An ancient Greek drinking cup that was awarded as a prize to Spyros Louis, the marathon winner in the first modern Olympics of 1896, has been returned to Athens from a German university’s collections.
The Greek Culture Ministry announced that the 6th century BC clay vessel was considered lost for decades until a Greek archeologist named Giorgos Kavvadias discovered it in the University of Muenster’s collections during research he was conducting in 2014.
The Culture Ministry said in their statement that it was proved “beyond any doubt” that the double-handled wine cup that is painted with ancient runners was the one given to Louis after he won the 1896 race.
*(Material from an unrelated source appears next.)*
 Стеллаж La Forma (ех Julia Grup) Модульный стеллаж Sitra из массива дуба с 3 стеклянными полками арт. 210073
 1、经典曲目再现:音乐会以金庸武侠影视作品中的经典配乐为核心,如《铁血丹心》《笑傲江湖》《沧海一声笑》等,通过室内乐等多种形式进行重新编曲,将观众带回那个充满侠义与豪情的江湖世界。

Following correspondence with Greek officials, the university agreed to return the cup, which was part of a private German collection housed at the university.
The statement said the collection had been put together by Werner Peek, a historian who lived in Athens during the 1930s. It is unknown how the cup ended up in Peek’s hands and eventually made its way to Germany, according to an Associated Press report.
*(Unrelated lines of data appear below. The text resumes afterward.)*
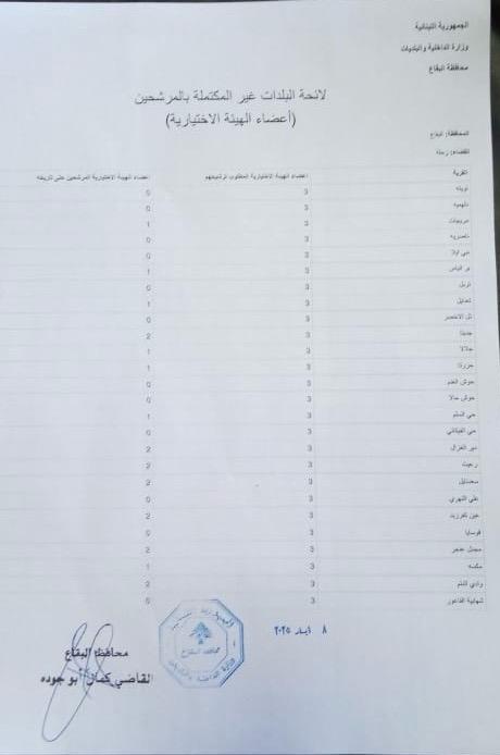 صدر عن محافظ البقاع القاضي كمال ابو جوده قرارًا حمل رقم (1/ه.ت) يتعلق بتمديد فترة قبول الترشيح لاعضاء الهيئة الاختيارية في البلدات غير المكتملة في قضاء زحلة، وذلك بناء على المادة رقم 5 من قانون المختارين والمجالس الاختيارية الصادر عام 1947 معطوفة على المادة 26 من القانون رقم 97/665 التي تجيز قبول ترشيحات جديدة تقدم قبل الاقتراع بثلاثة ايام.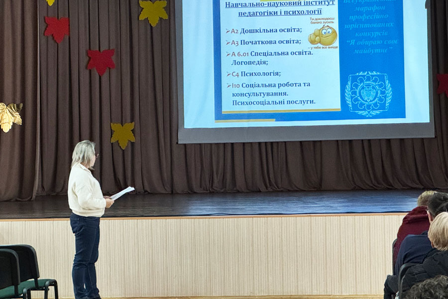 Під час зустрічей співробітники відділу маркетингу та викладачі університету за допомогою презентації ознайомили школярів із умовами участі у Всеукраїнському марафоні «Я обираю своє майбутнє», розповіли про його три напрями — соціогуманітарний, економіко-технологічний та природничий, — і детально пояснили, як саме учні можуть реалізувати себе у кожному з них.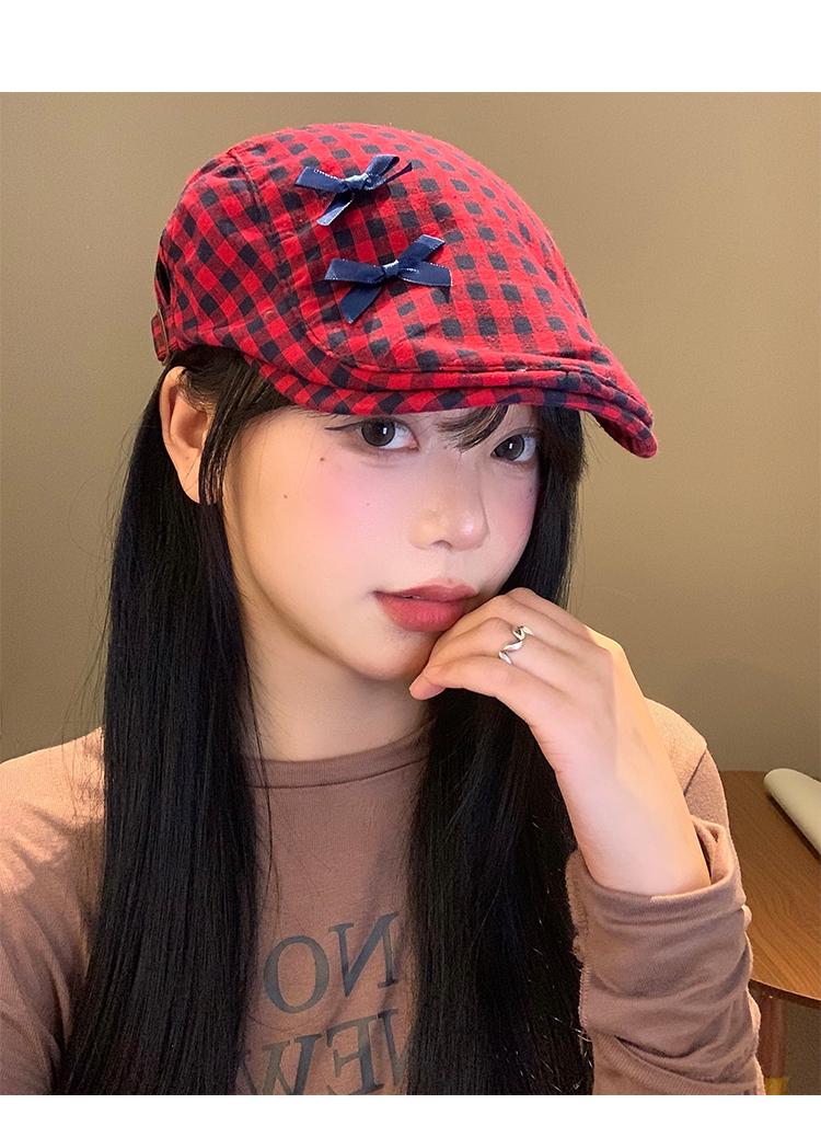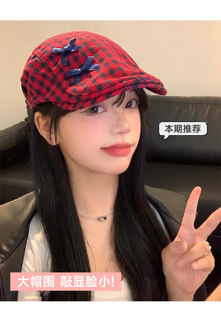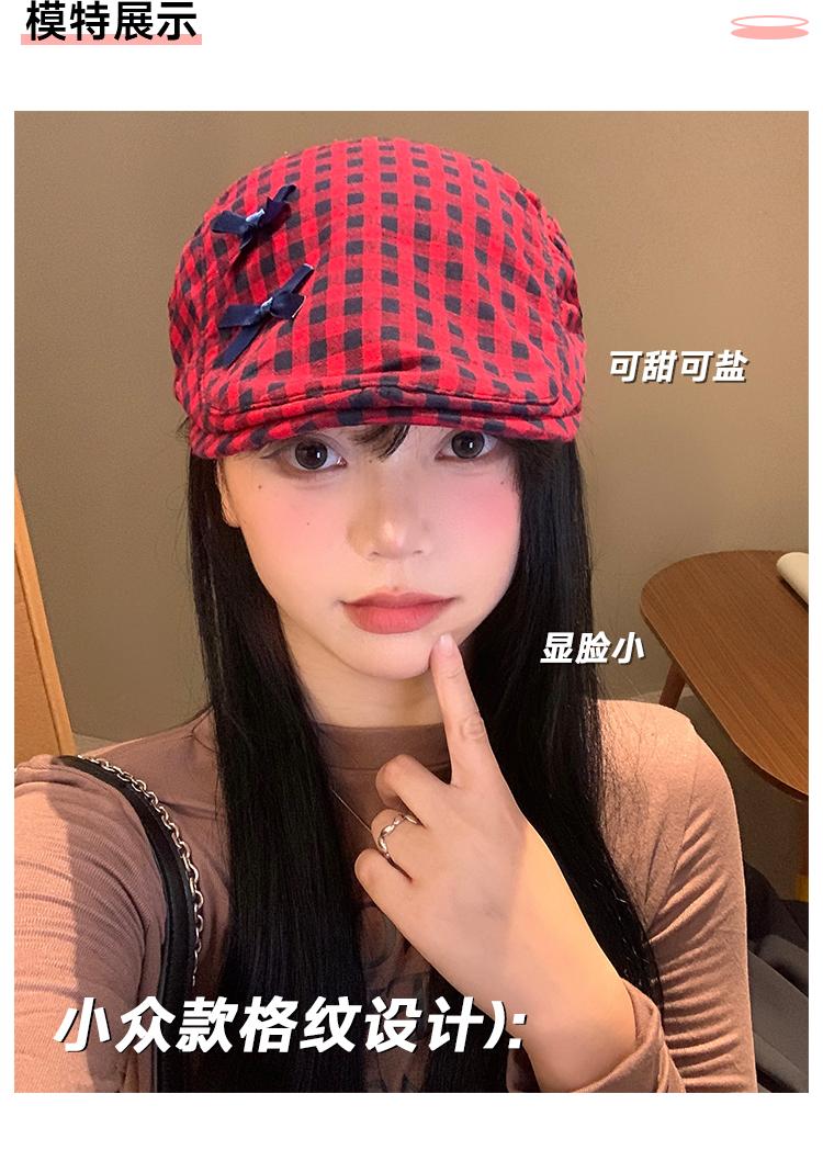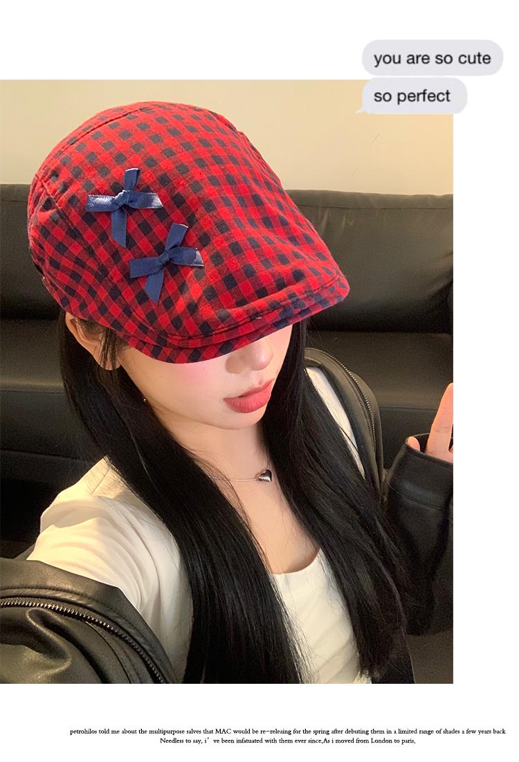 Sombrero de cuadros rojos con lazo hacia adelante para mujer, estilo coreano, boina pequeña que deja ver el rostro, sombrero retro combinable de nicho, moderno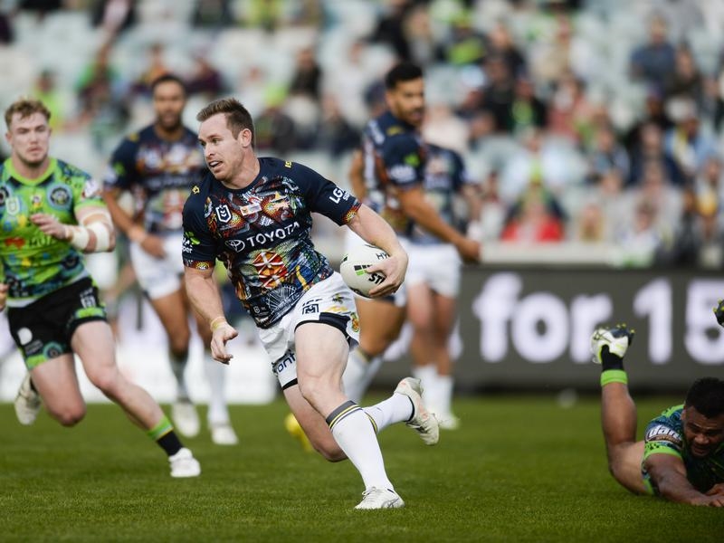 The seesaw affair continued when Cowboys centre Justin O’Neill crashed over to wrestle back the lead and they extended the margin after halftime when Michael Morgan kicked for an unmarked Kyle Feldt to score in the corner.

Greece has, for years, been on a mission to repatriate items relating to its cultural heritage that was acquired illegally from nations and private collectors. In January of 2018 officials worked in conjunction with New York police to recover dozens of items from a billionaire’s private collection.
Of course, the largest repatriation campaign has focused on bringing the Parthenon Marbles back to Greece from England, where they are on display at the British Museum.
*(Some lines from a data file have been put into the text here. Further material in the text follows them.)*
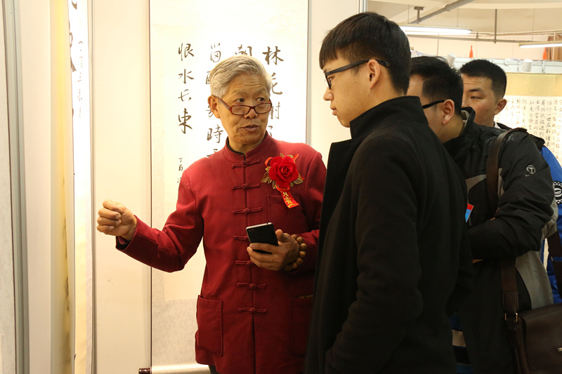 开幕式结束后,嘉宾和同学们进入展厅参观,展品共108幅(含老师书友作品20幅),主要涉及楷书、隶书、行书、草书四种书体,涵盖了立轴、横批、长卷、扇面等形式,作品字字遒劲有力,入木三分,笔画龙飞凤舞,锋芒毕露。嘉宾们在现场挥毫泼墨,执笔题字为刘言哲同学表示祝贺。潘月孝老先生的一幅《海纳百川》,提笔凝神,下笔有力,展现一名老艺术家的深厚功底;梁赛江笔走龙蛇,潇洒飘逸地完成一幅《物华天宝》。
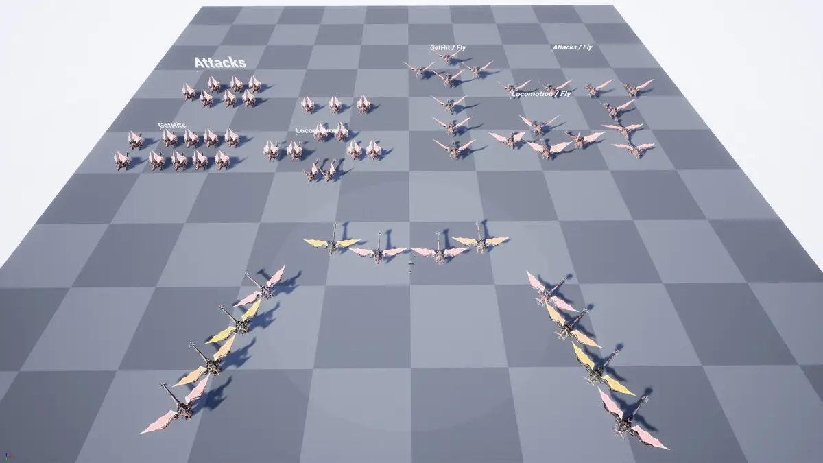 Attack - 7Idle - 2Knock - 4Death - 2Gethit - 8Turn 90 - 2Turn 180 - 1Walk - 8Roar - 1Transitions - 2Fly Stage:Attack - 4Fall - 3Fly (Front, Left, RIght, Back) - 4Fly Accelerated - 3GetHit - 4Turn - 3Idle - 1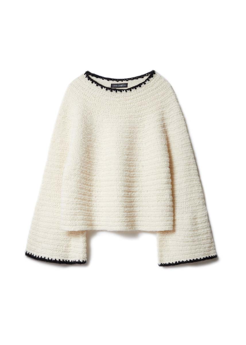 300 (350) г белой су- ровой (цв. 13) пряжи Airy (42% альпака бэби, 40% хлопка, 18% шерсти мерино эк- страфайн, 170 м/50 г) и 50 г черной (цв. 12) пряжи Alpaca Air (62% альпака бэби, 27% полиамида, 11% шерсти мерино экс- трафайн, 140 м/50 г) фирмы Lana Grossa; круговые спицы № 4 длиной 50, 80 и 120 см, чулочные спицы № 4, крючок № 6.

The vessel will be exhibited for the next three months in Athens at the National Archaeological Museum before being put on permanent display in Ancient Olympia, birthplace of the ancient Games.
Louis had no training in running and stunned the audience at the first modern Olympics at the Panathenaic Stadium. He was presented with a silver cup, which is on permanent display at the Stavros Niarchos Cultural Center in Athens, and a silver medal— as well as the ancient drinking cup.